NHCs data cleaning treatment and MaxEnt map building

All 227 hyperdominant species had records excluded by the data cleaning treatment, the consequence of records that either lack geographic information, are duplicates at the used grid cell resolution of 0.5 degree or were outliers based on a kernel-density estimate (Appendix S4). An average of 50% of the records was excluded. The first twelve species with the most excluded records were palms, with a mean of 96% of excluded records. The total average of excluded records decreased to 43% when palms were taken out of the analyses (Appendix S4). This high percentage is due to the huge amount of palm occurrence data of the Aarhus University Palm Transect Database26. At this moment this database contains 543,000 records, all available in GBIF. Most of these records represent observations in many plots inside the same grid cell, thus these records were removed and considered as a single observation.
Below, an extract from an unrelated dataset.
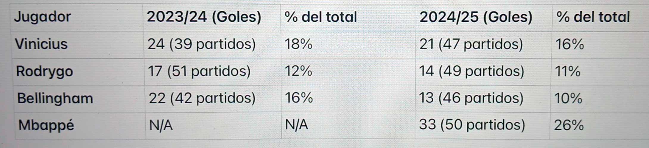 La conclusión que podemos extraer es que la producción de Vinícius, Bellingham y Rodrygo ha bajado, mientras que Mbappé ha irrumpido con fuerza. Esto refleja un cambio en el reparto de protagonismo goleador:

After the kernel density estimate treatment the average of excluded records was 57%, presenting an increment of 6.7% in the total amount of records excluded. Eperua purpurea and Eperua leucantha collections were in good agreement with plot data distribution, after outliers were excluded by the kernel density estimate (Appendix S5). In the case of Eperua falcata, some occurrences in Colombia and Venezuela were in fact misidentifications of Eperua leucantha, since this species occurs only in the Guianas (H. ter Steege, pers. obs.). The kernel density estimate function correctly removed these occurrences outside the E. falcata cluster observed in the Guianas (Fig. 3A). Some occurrences of Licania alba in southeast Amazonia, an area with no plot data, were also removed by the kernel-density estimate function (Fig. 3B).

Figure 3
figure 3

MaxEnt environmental suitability maps for (A) Eperua falcata; (B) Licania alba. MaxEnt maps constructed using GBIF records, cleaned GBIF records, kernel-density estimate GBIF records, and kernel-density estimate GBIF records plus the buffer clip. Black dots: GBIF records. Red dots: GBIF records after the use of the cleaning pipeline. Dashed blue line: buffer based on a convex hull around species cleaned collections. Light blue: predicted environmental suitability using GBIF records. Light green: predicted environmental suitability using cleaned GBIF records. Medium green: predicted environmental suitability using kernel density estimate GBIF records. Dark green: predicted environmental suitability using kernel density estimate GBIF records and the buffer clip, resulting in the final predicted area of occupancy. Maps created with custom R script. Base map source (country.shp, rivers.shp): ESRI (http://www.esri.com/data/basemaps, © Esri, DeLorme Publishing Company).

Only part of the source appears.